> _TASK REQUIREMENTS_: Going line by line through the records below, write out everything starting with the line containing "- Artikelgrupper med" and going on through the line containing "Finkel | Moishe", exactly and inclusively. Pictures do not go in.

> _INPUT DATA_:
········

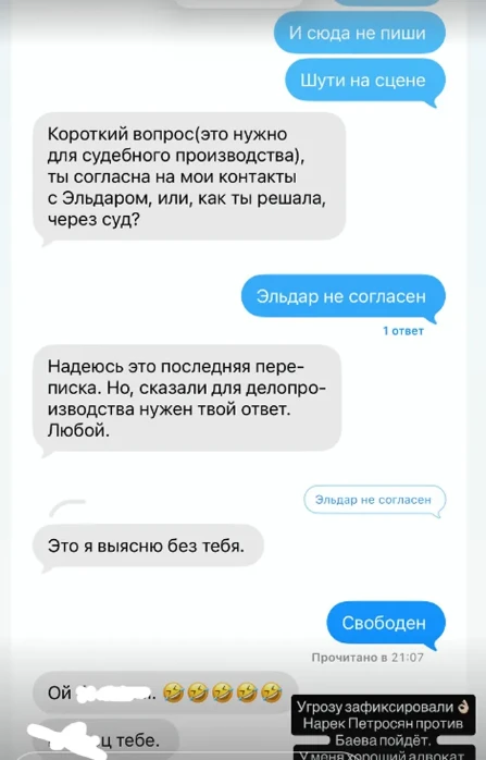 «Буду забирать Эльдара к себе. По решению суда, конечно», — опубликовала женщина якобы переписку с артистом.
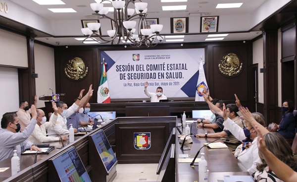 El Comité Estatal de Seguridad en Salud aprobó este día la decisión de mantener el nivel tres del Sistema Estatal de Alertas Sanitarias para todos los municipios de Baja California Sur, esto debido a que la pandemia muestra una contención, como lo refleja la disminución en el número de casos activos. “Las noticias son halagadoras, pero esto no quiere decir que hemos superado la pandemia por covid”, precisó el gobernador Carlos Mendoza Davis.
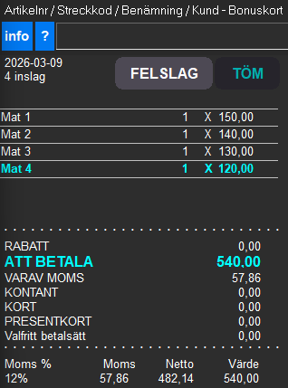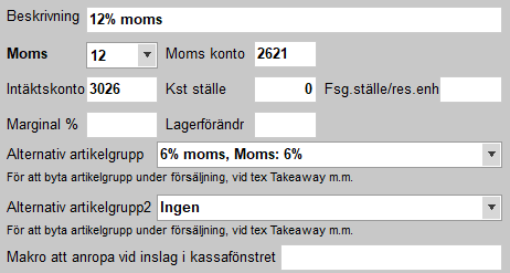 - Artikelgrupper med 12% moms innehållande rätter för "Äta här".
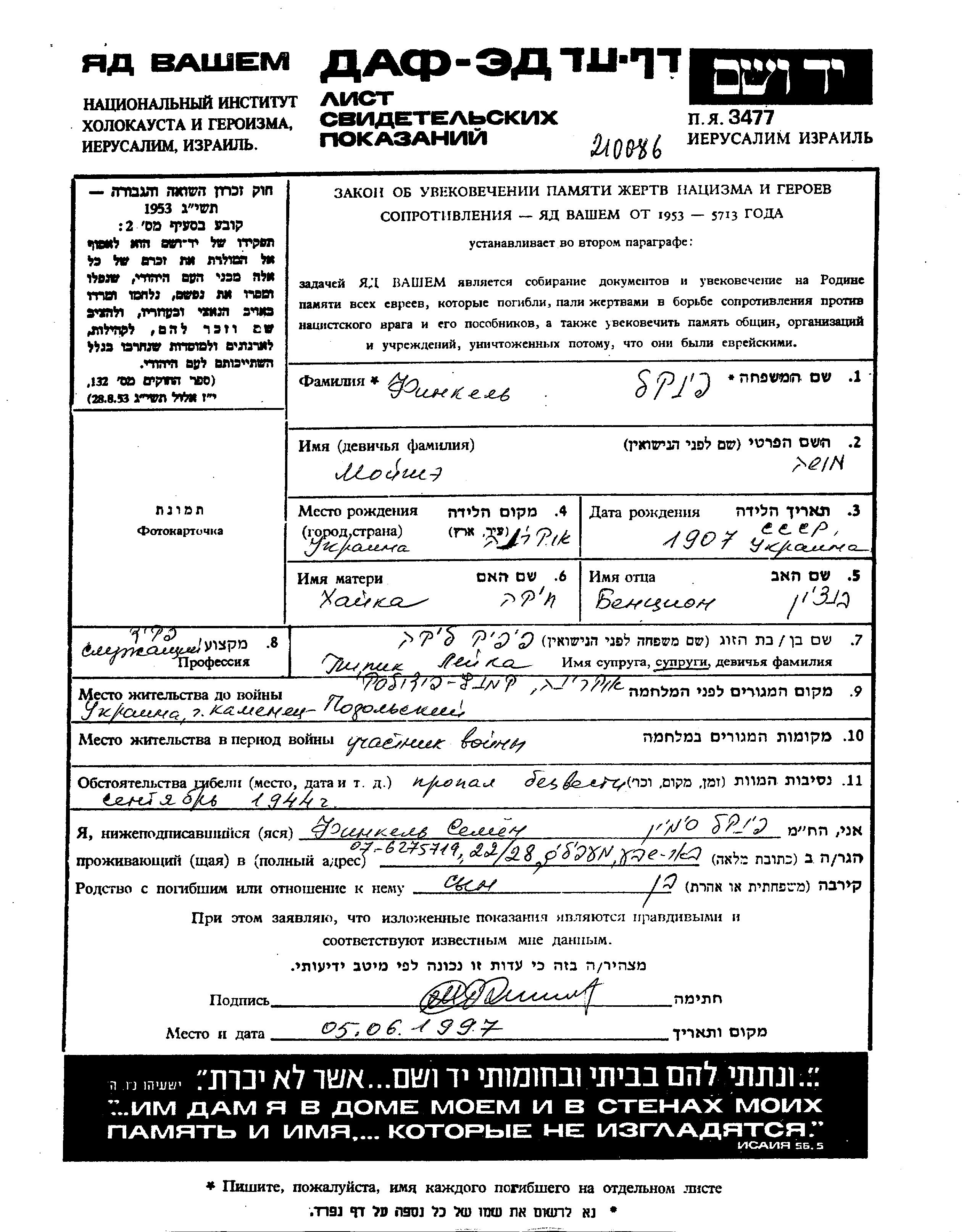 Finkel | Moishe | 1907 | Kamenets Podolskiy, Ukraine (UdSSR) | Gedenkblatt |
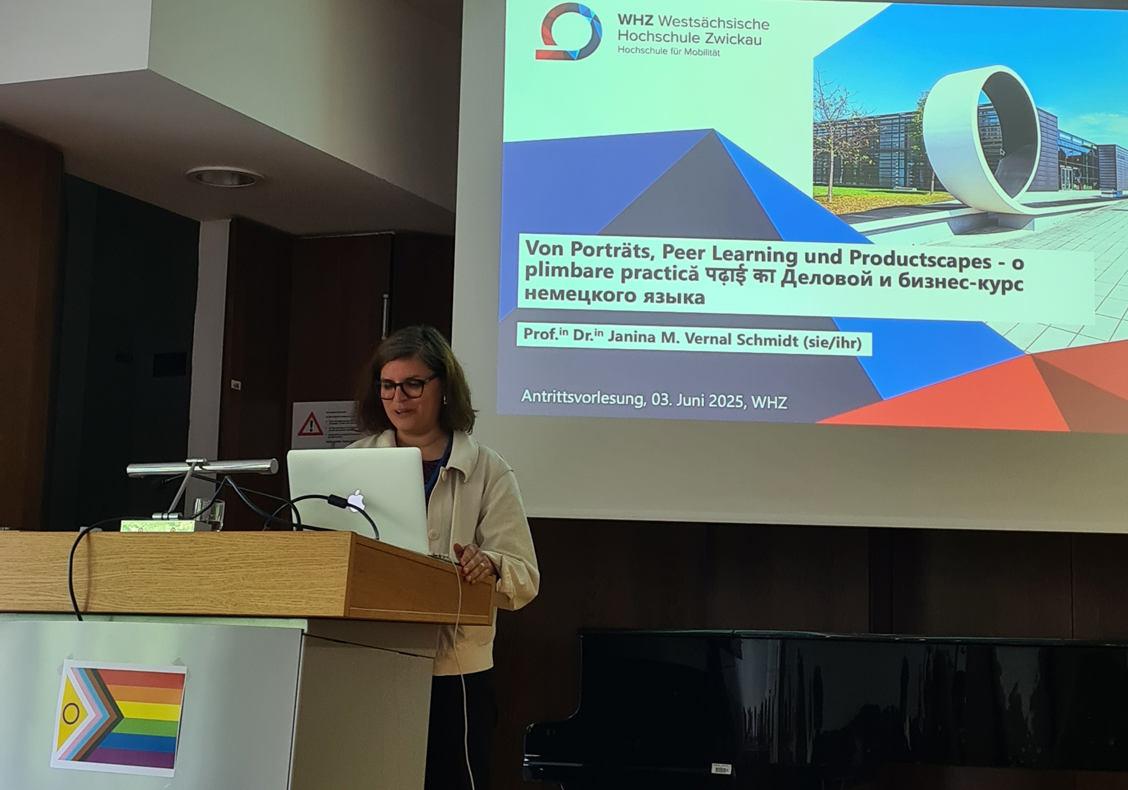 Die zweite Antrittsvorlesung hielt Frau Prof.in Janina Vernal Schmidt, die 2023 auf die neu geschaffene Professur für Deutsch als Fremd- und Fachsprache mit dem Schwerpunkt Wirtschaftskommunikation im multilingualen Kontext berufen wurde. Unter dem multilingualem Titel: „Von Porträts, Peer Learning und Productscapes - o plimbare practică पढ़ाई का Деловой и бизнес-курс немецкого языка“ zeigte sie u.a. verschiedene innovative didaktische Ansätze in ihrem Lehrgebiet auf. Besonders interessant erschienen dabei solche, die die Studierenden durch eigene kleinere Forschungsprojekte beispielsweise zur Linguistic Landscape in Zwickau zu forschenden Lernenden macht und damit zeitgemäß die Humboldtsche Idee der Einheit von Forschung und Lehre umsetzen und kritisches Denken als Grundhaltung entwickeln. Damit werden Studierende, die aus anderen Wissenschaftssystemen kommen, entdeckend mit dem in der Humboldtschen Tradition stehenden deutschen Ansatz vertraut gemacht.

········

> _WRITTEN SOLUTION_:
 - Artikelgrupper med 12% moms innehållande rätter för "Äta här".
 Finkel | Moishe | 1907 | Kamenets Podolskiy, Ukraine (UdSSR) | Gedenkblatt |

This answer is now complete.